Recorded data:
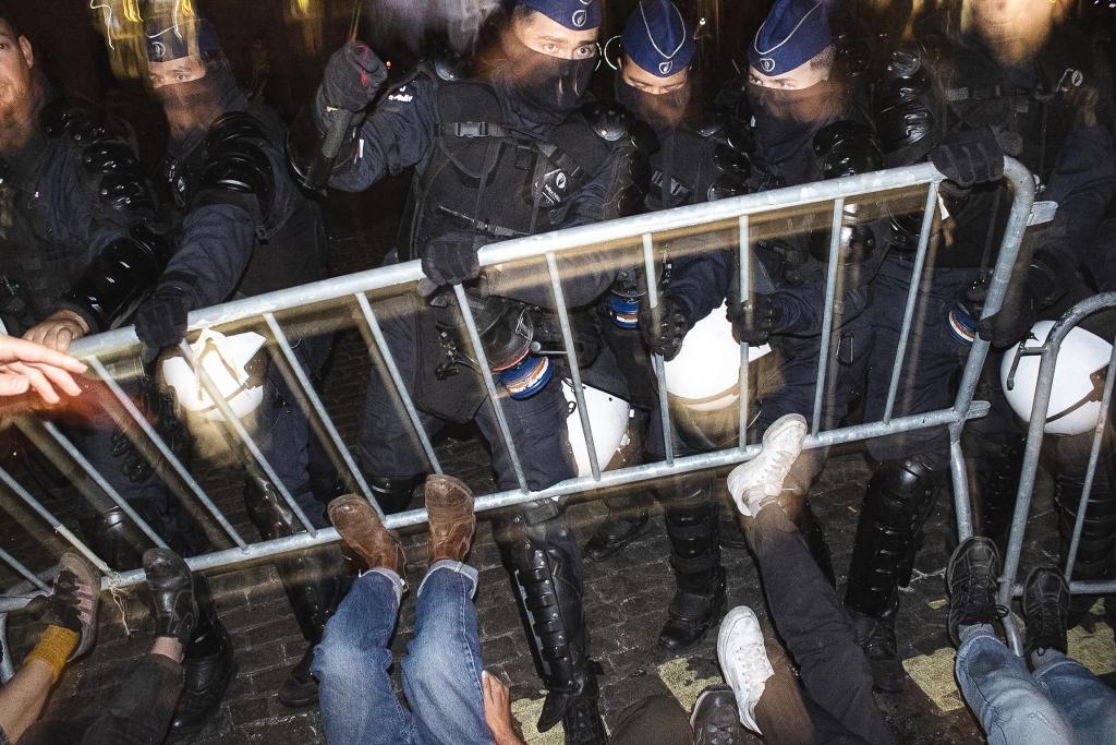 Une partie des manifestant·es a ensuite rejoint la place du Luxembourg, devant le Parlement européen, avec l’intention d’y rester toute la nuit dans un sit-in. Mais vers 22 h, les forces de l’ordre sont à nouveau intervenues avec une violence extrême: canons à eau, charges successives, matraques et gaz ont été utilisés pour déloger les manifestant·es.
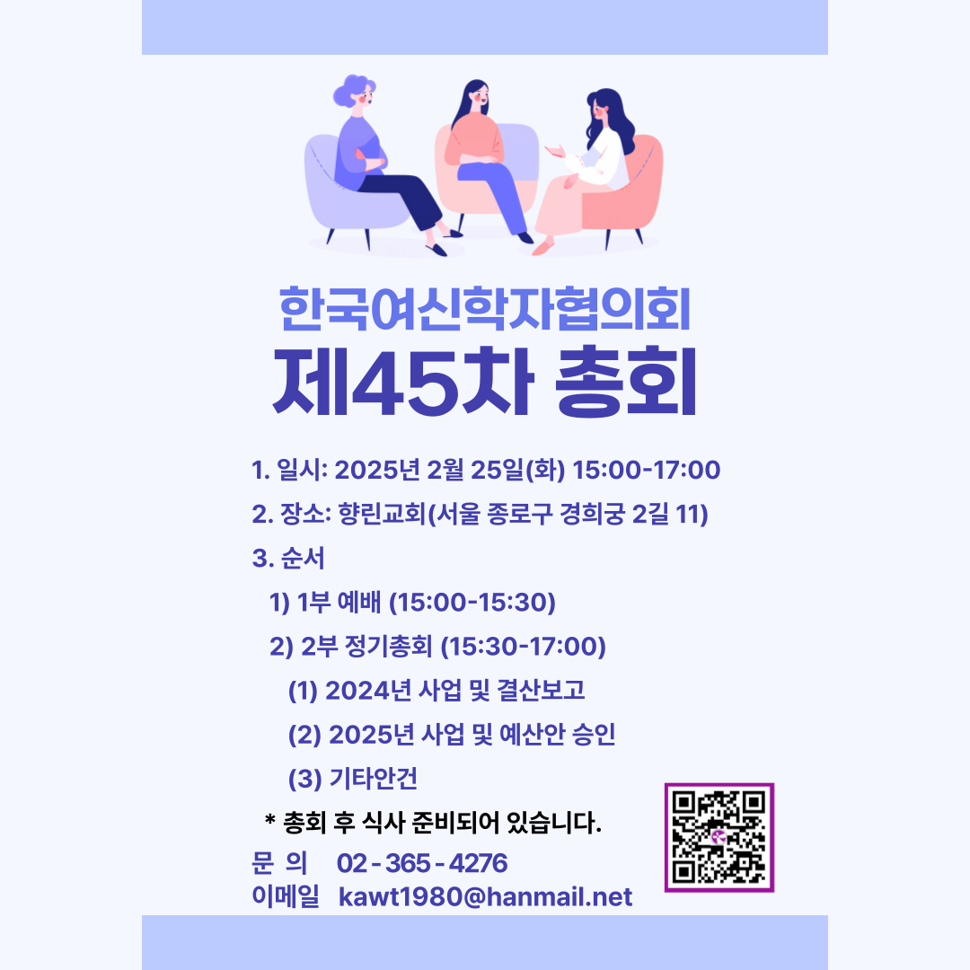 회칙 제4장 14조에 의거하여 회원님들께 <제45차 정기 총회>를 공지합니다.
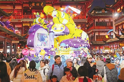 2025年1月1日,2025上海豫园民俗艺术灯会正式亮灯。今年灯会的主题延续“山海奇豫记”的故事,开启丛林篇的讲述。作为国家级非物质文化遗产代表性项目,走过30年的豫园灯会已成为上海标志性新春文化活动和城市文化名片。
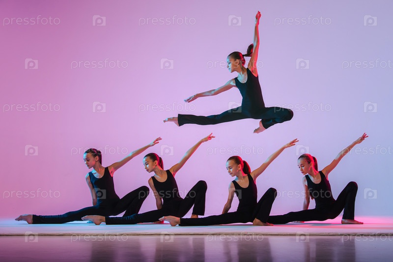 Группа детей, маленьких девочек в одежде спортивного стиля, танцующих в классе хореографии, изолированных на заднем плане в неоновом свете
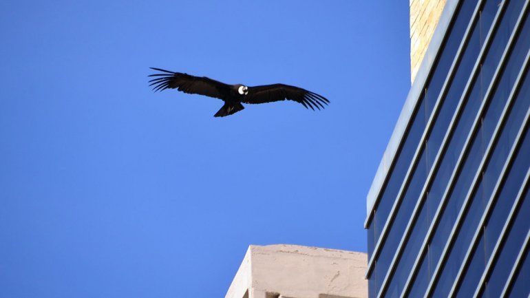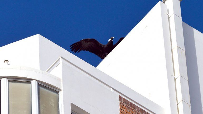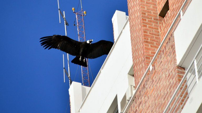 Un cóndor sorprendió durante todo el día a los neuquinos que transitaron este viernes por el centro. El animal llegó hasta un edificio ubicado en Santiago del Estero y Carlos H. Rodríguez y, desde temprano, llamó la atención de miles de vecinos.
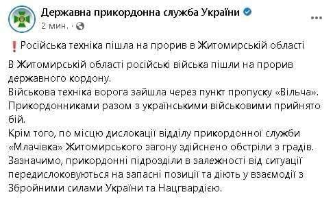 13:09 Погранслужба заявляет о прорыве российских войск через границу в Житомирской области.
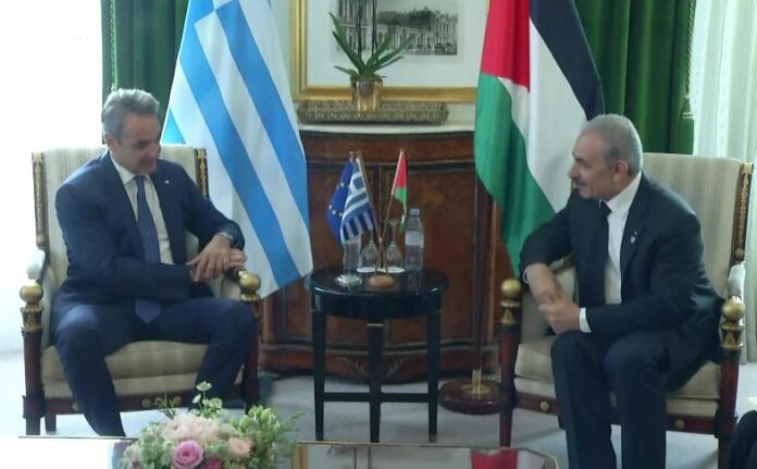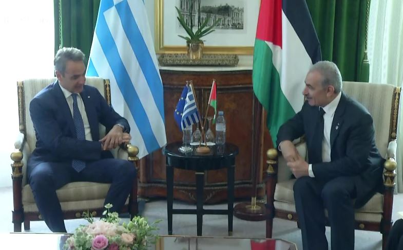 Ο Κυριάκος Μητσοτάκης συναντήθηκε με τον πρωθυπουργό της Παλαιστινιακής Αρχής, Μοχάμαντ Σταγιέχ, με τον οποίο συζήτησαν για την ανθρωπιστική κατάσταση στη Λωρίδα της Γάζας.
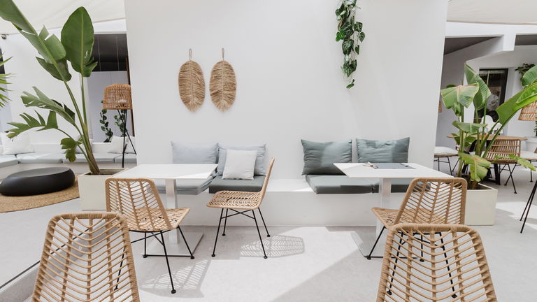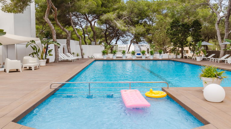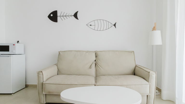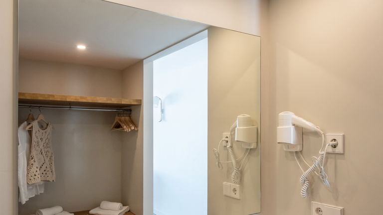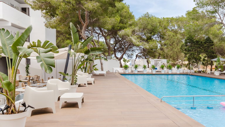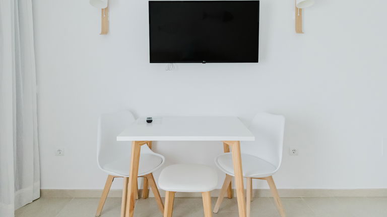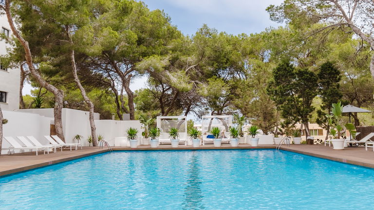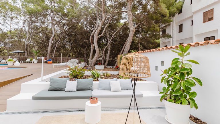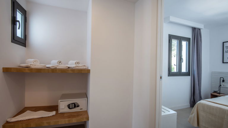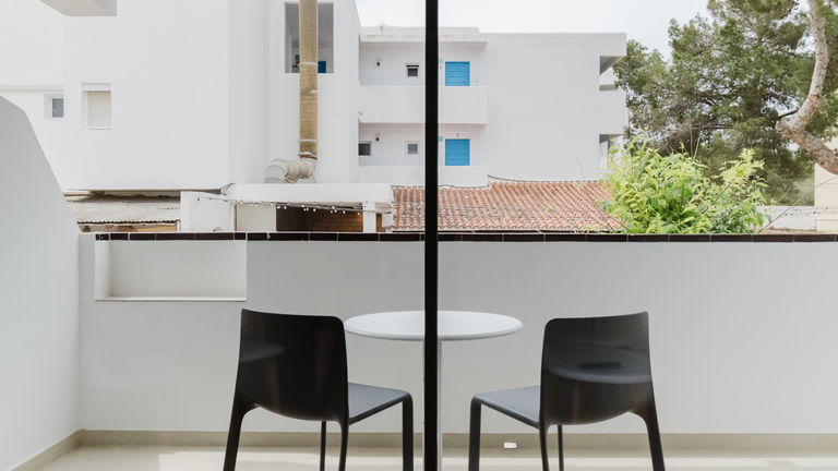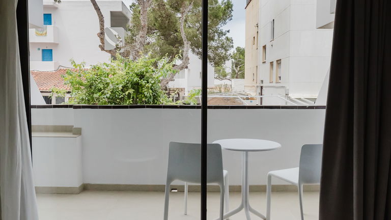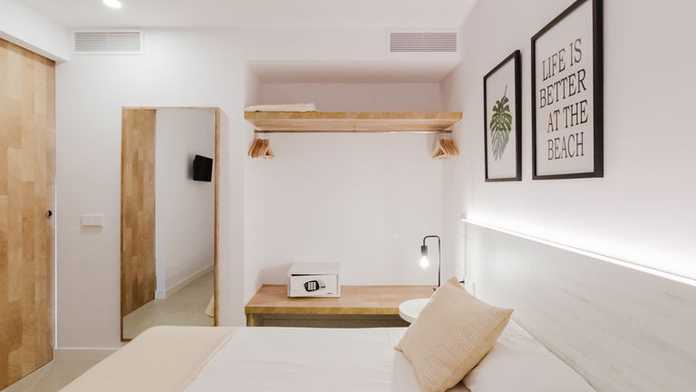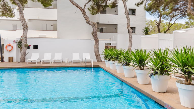 One-bedroom apartments with two single beds, bathroom, fully equipped kitchen with Italian coffee maker and living-dining room with sofa bed, air conditioning and safe. They are characterized by their great luminosity and modern style as well as having a swimming pool, outdoor solarium and cafeteria.

## [Task requirements]
Write out exactly the lines above between the one with "Группа детей, маленьких" and the one with "Ο Κυριάκος Μητσοτάκης", inclusive, with pictures left out.

## [Completed task]
 Группа детей, маленьких девочек в одежде спортивного стиля, танцующих в классе хореографии, изолированных на заднем плане в неоновом свете
 Un cóndor sorprendió durante todo el día a los neuquinos que transitaron este viernes por el centro. El animal llegó hasta un edificio ubicado en Santiago del Estero y Carlos H. Rodríguez y, desde temprano, llamó la atención de miles de vecinos.
 13:09 Погранслужба заявляет о прорыве российских войск через границу в Житомирской области.
 Ο Κυριάκος Μητσοτάκης συναντήθηκε με τον πρωθυπουργό της Παλαιστινιακής Αρχής, Μοχάμαντ Σταγιέχ, με τον οποίο συζήτησαν για την ανθρωπιστική κατάσταση στη Λωρίδα της Γάζας.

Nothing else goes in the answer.